Cryotherapy treatments are unregulated by the U.S. Food and Drug Administration. In fact, regulation of any kind is virtually nonexistent across the nation.

Cryosauna manufacturers say the practice originated in Japan in the late 1970s. Cryospas started getting popular in the U.S. around 2010.

The procedure's been featured on The Dr. Oz Show, with the chambers making their way into the locker rooms of professional and university sports teams like the Dallas Mavericks and Texas Christian University Horned Frogs.

Lack of regulation for the procedure drew national alarm last month. Chelsea Patricia Ake-Salvacion, a 24-year-old cryotherapy technician in Henderson, Nev., died in a cryospa machine Oct. 19, after using it alone after hours at the business where she worked, RejuvenIce.

The coroner's office for Clark County, Nev., ruled that Ake-Salvacion died from a lack of oxygen—not from the unit's frigid temperatures. As the chamber fills with liquid nitrogen vapor to cool it, ambient air in the chamber gets displaced, along with the oxygen in it.
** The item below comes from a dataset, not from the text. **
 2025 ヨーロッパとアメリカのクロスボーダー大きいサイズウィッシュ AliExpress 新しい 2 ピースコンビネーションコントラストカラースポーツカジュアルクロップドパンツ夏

"When in use, oxygen levels inside the chamber can drop to less than 5 percent," the coroner's Nov. 10 statement says. "Breathing air with this low level of oxygen can quickly result in unconsciousness and then death." (Regular air is 21 percent oxygen.)

Ake-Salvacion's is the first recorded death during cryotherapy.
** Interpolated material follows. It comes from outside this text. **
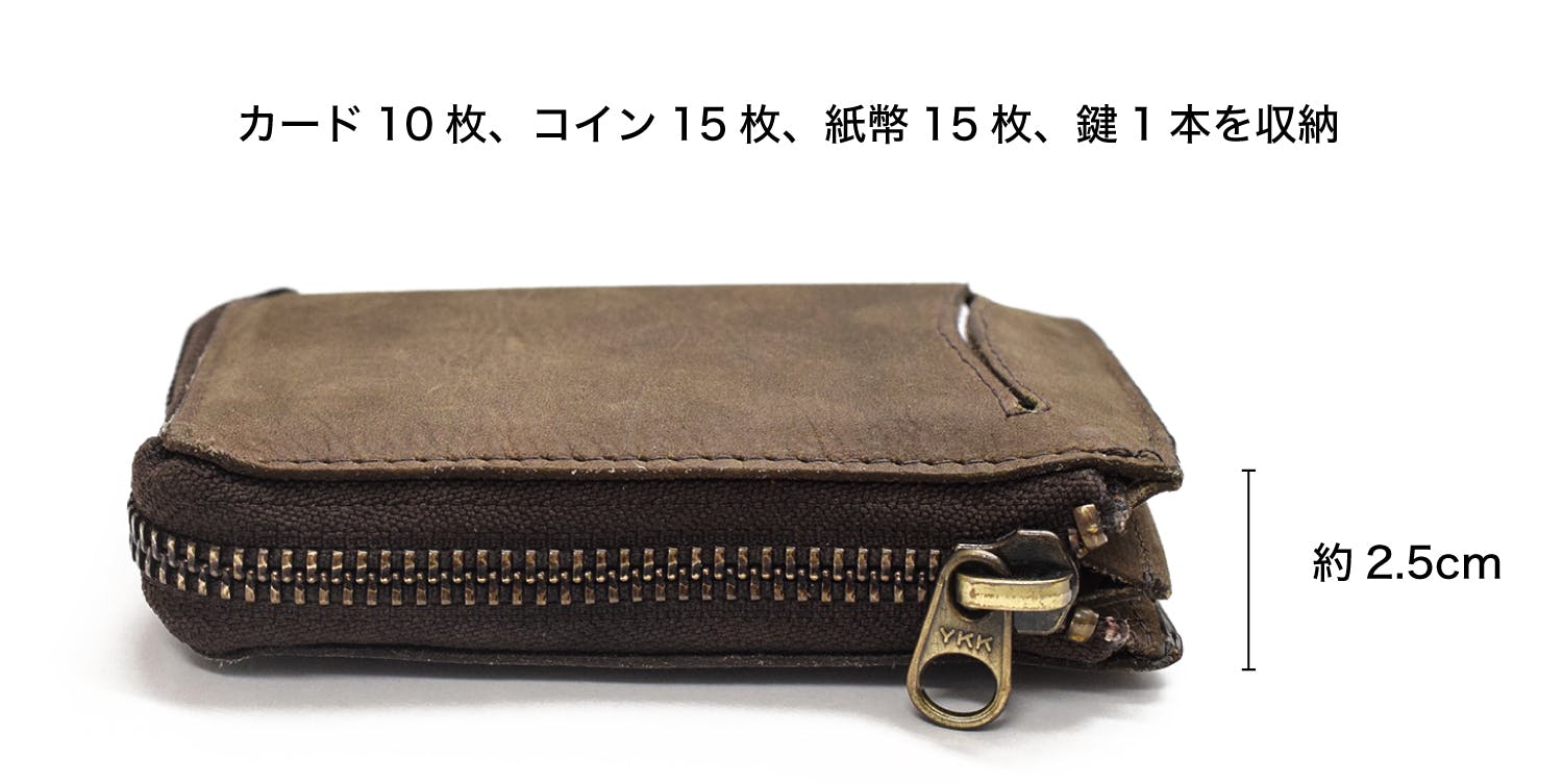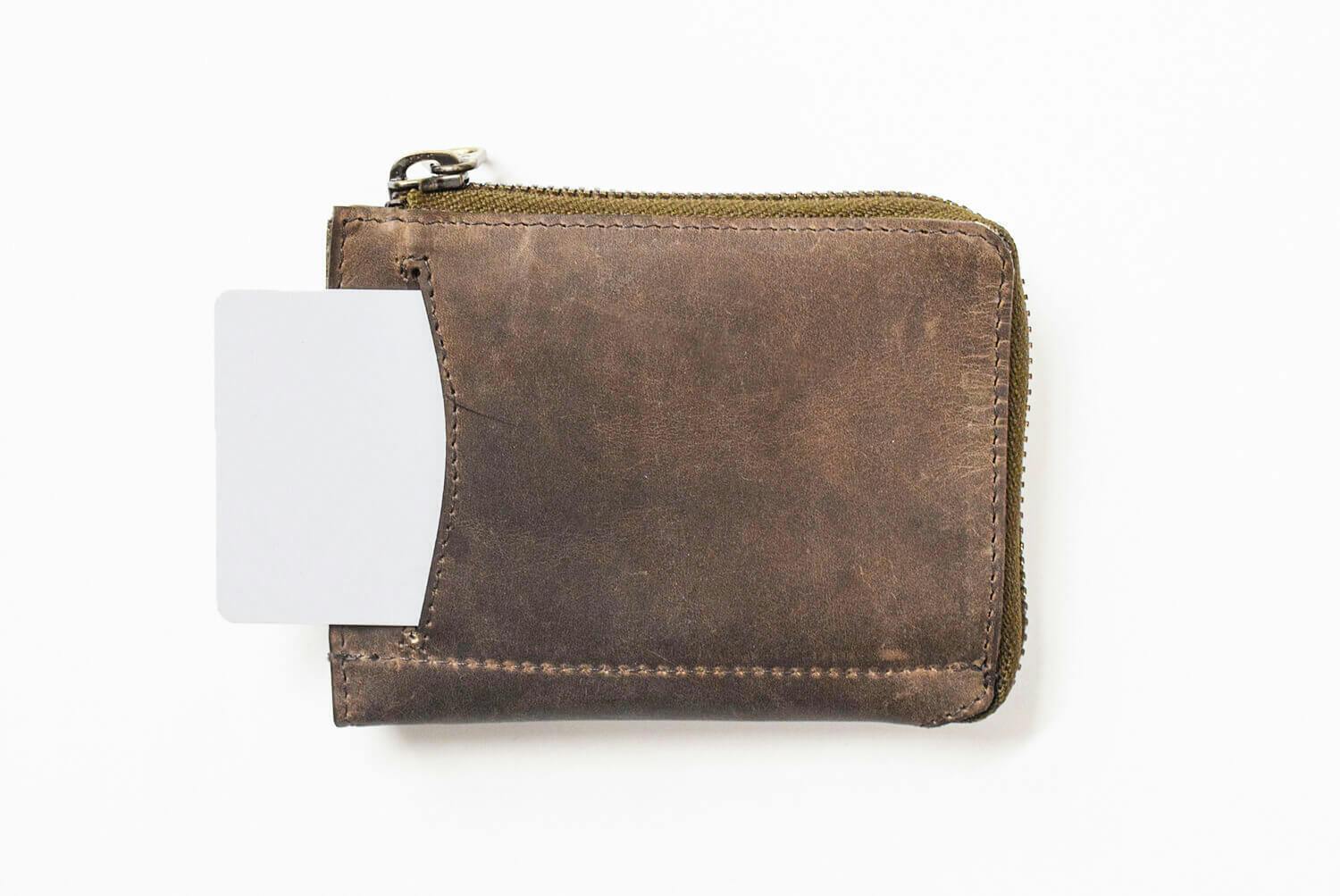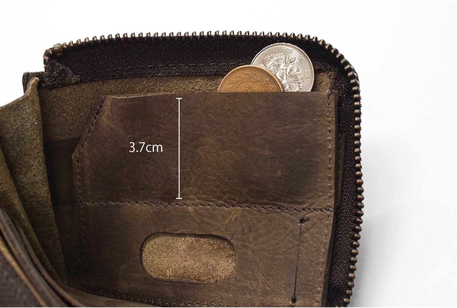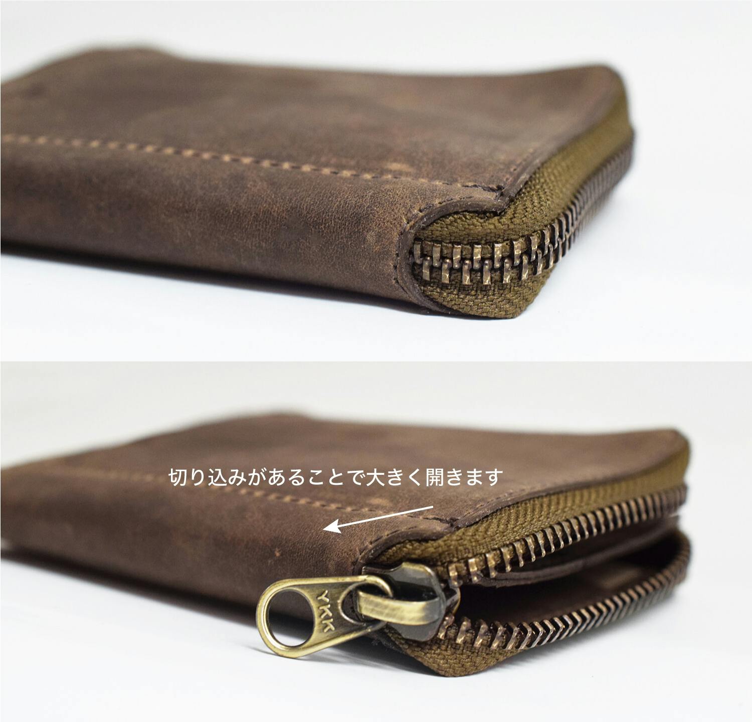 底にラウンド型に切り込みを1cm加えることで、小さい財布にありがちな窮屈さを解決しています。

The investigation into her death led the state of Nevada to shut down all RejuvenIce locations within its borders, but only on a technicality: According to multiple Las Vegas media reports, the business lacked workers' compensation insurance.

Since her death, the call has grown for government regulators to take a closer look at whole-body cryotherapy.
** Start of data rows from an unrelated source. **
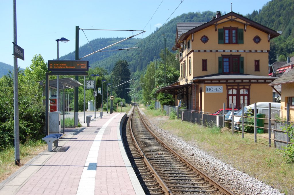Höfen (Enz) Bf am 21. Juli 2013 mit der S-Bahn Linie 6 Richtung Bad Wildbad.
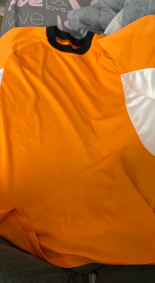 Turuncu, parlak renkli, kısa kollu, bisiklet yaka ve drapeli erkek forma. Sentetik kumaştan, spor ve sokak tarzı için uygundur.
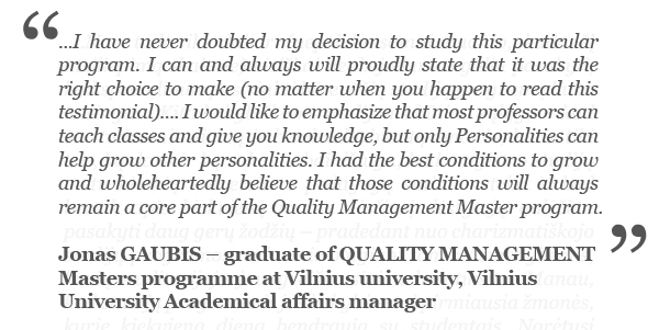 Jonas GAUBIS – graduate of QUALITY MANAGEMENT Masters programme at Vilnius university, Vilnius University Academical affairs manager TESTIMONIAL 2010.12.30
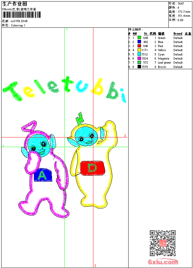 - 版带文件需绣花软件方可打开,可配色打印导出各种格式或直接上机绣。如无绣花软件可下载1:1模拟效果图。
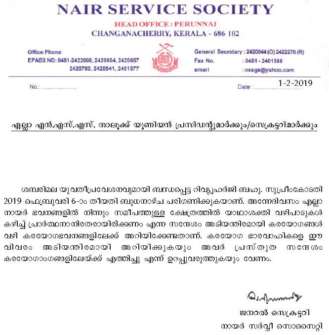 ശബരിമല റിവ്യൂ ഹരജി: നായര് ഭവനങ്ങളില് വഴിപാട് നടത്താന് എന്എസ്എസ് സര്ക്കുലര്
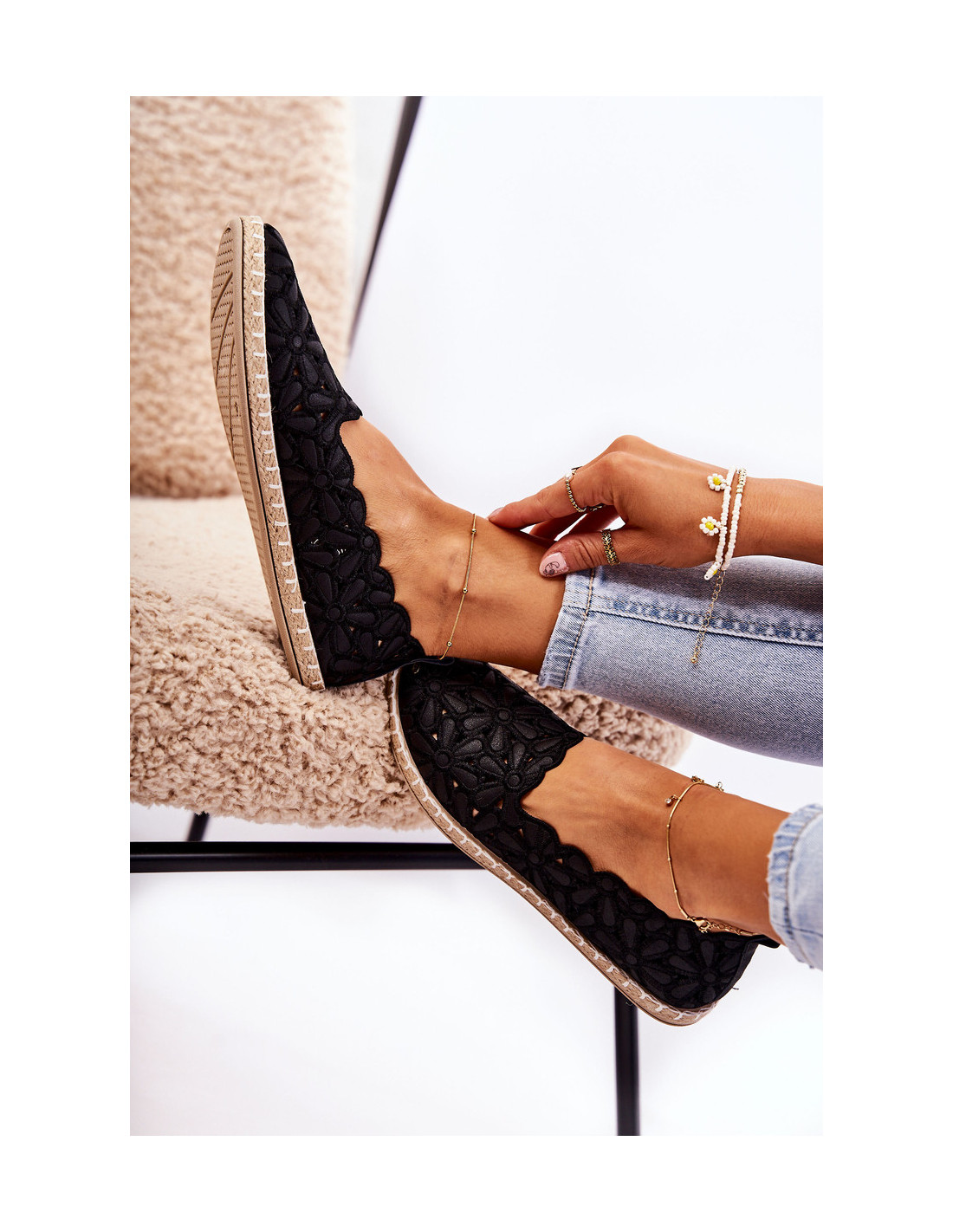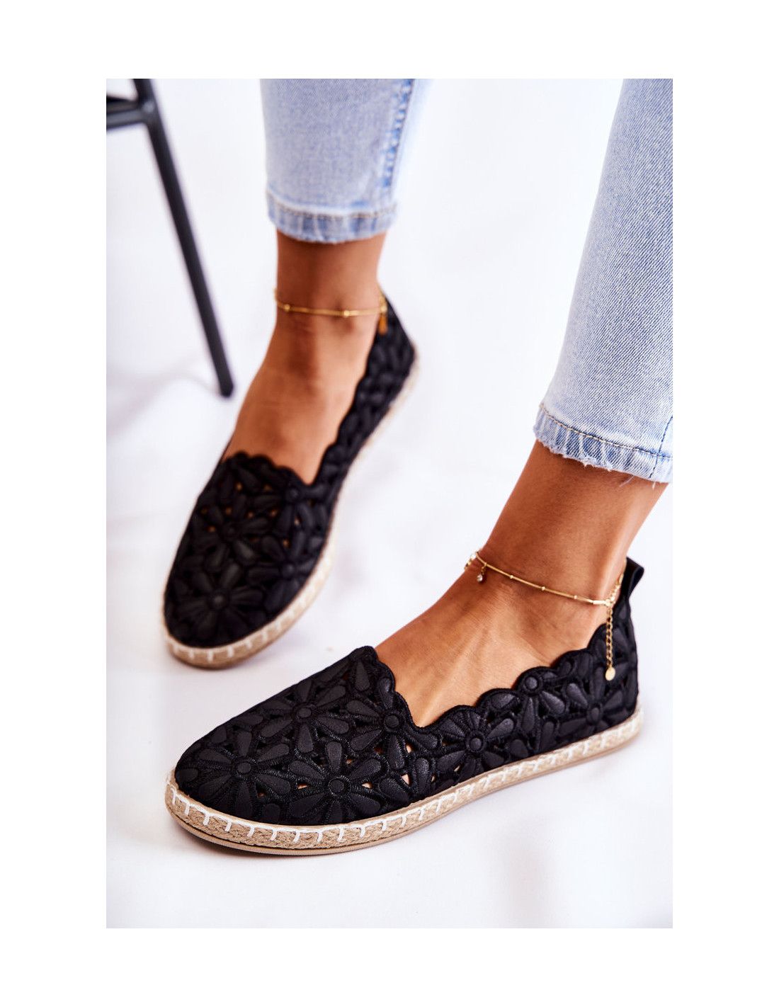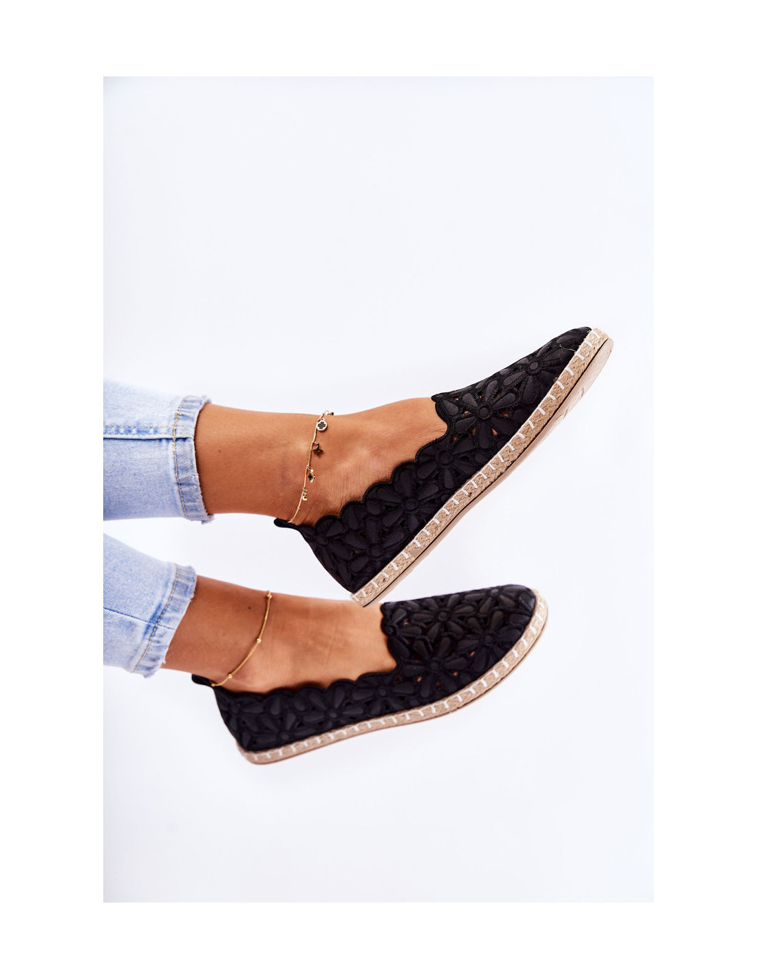 Moteriškos užsegamos balerinos su gėlėmis Black Vennice

That includes Oregon, where two cryotherapy centers operate.

For the state to regulate whole-body cryotherapy, the Legislature would have to issue rules for the Oregon Health Authority to enforce.

State Sen. Laurie Monnes Anderson (D-Gresham), who chairs the Senate's Health Care and Human Services Committee, tells WW that new regulation for cryotherapy is unlikely before 2017.

"We definitely want to look into it and see if this is something that Oregon should be regulating, or not regulating, or banning," Monnes Anderson says. "One death is too many."

Richard Sprauer owns Active Cryotherapy in Portland's Sylvan neighborhood, where Lizzy Acker tried a treatment. He says cryotherapy is safe, and welcomes regulation.

"I can understand them wanting to regulate it, of course," Sprauer says. "I would like to see it carefully tended because it is something to be careful with."